We have a Men’s Clothing Collection that can help you stay comfortable in any kind of movement, but it’s always great to get advise from other men who are in need of a good stretch.
That’s why we asked the men of Yogamatters to share their top yoga positions that are perfect before or after they break a sweat, between Zoom calls, or simply to unwind after a long day at their work desks. Here are their top tips for stretching and strengthening tired, achy muscles: easy-to-follow yoga positions you can practice almost anywhere.
Thomas, Yogamatters Designer & Production Manager
“What I wear when I work out is linked to how soft and comfortable the clothes feel: I like layering when running and I need to have natural fibre such as cotton against my skin: everything needs to be absorbent and breathable,” Thomas says. He helped with the design process of the Yogamatters Men’s Clothing Collection and finds downtime for yoga between his daily tasks. “My favourite yoga pose is child’s pose: it really helps stretch my knees and relax after running. Great workout gear helps me regulate my body temperature, and offers a great balance between soft compression and freedom of movement.”
Ivan, Yogamatters Purchasing Manager
“Sometimes being mindful for me means taking a moment and placing my hands on a table or my kitchen sink,” Ivan says. “But when I do have more time, I usually try variations of different yoga poses – many that lots of people practice – like Downward dog or a variation but often I find that a standing forward stretch to work the hamstrings or Pigeon Pose.
Ken, Yogamatters Finance Consultant
“I have tight hamstrings and Downward Dog is a pose that helps stretch these muscles,” Ken says. “I find Pigeon Pose helps to ease my lower back stiffness by stretching my piriformis and groin muscles. These stretches take just a few minutes but work wonders for me. Doing a headstand also helps concentrate my mind and body – it also helps calm random thoughts. I often use it as a form of meditation.”

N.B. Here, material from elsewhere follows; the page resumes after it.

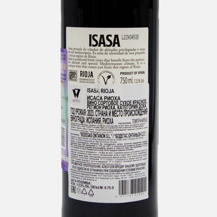 Вино Исаса Риоха ДОКа сорт кр сух 8-13.5% ст/б 0,75л

Krisztian, Yogamatters Customer Service Adviser
“What I really like to do is stand on the edge of the bottom of the stairs and with straight legs with a slight bend if needed, I bend over and touch my toes. Sometimes, if my muscles are feeling extra flexible, I go further than my toes,” Krisztian says. “When I’m not balancing and stretching, I find that simple long walks in the park with my dogs helps me stay calm and clears my head.”

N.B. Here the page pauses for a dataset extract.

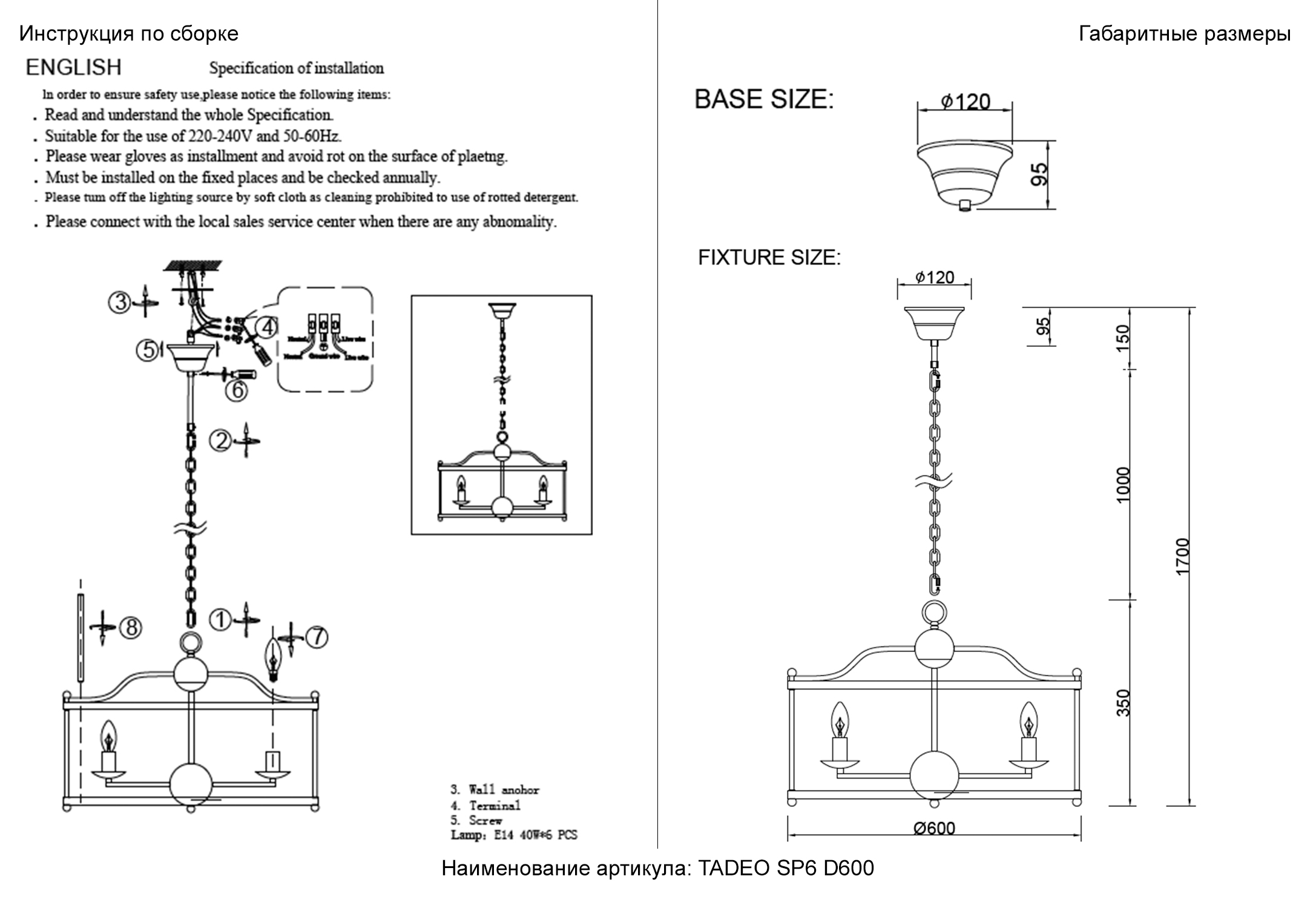 Люстра Crystal Lux TADEO SP6 D600 CHROME/TRANSPARENTE

Keir, Yogamatters Operations Manager
“My favourite pose to do after a run or workout – or even when I’m in between calls – is frog pose and extended triangle are my favourite,” Keir says. “I always try to do a forward fold whether I’m warming up or cooling down.”

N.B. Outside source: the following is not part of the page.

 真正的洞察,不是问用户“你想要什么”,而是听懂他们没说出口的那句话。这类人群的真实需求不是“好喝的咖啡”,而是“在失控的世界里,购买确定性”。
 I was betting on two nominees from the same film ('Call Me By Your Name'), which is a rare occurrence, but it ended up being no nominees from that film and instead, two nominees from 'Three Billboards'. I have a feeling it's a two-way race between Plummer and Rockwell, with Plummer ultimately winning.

Andy, Yogamatters Head of IT
“I have just started cycling again and all I can say is, ouch: sore legs, sore back and achy wrists. As every canny cyclist knows, there are a few perfect yoga asanas to make feel easier,” Andy says. “The mindful breathing and moving that I do between cat and cow followed by an extended child pose is bliss for me. Another pose that helps my tight hips loosen is pigeon – it hits the spot.”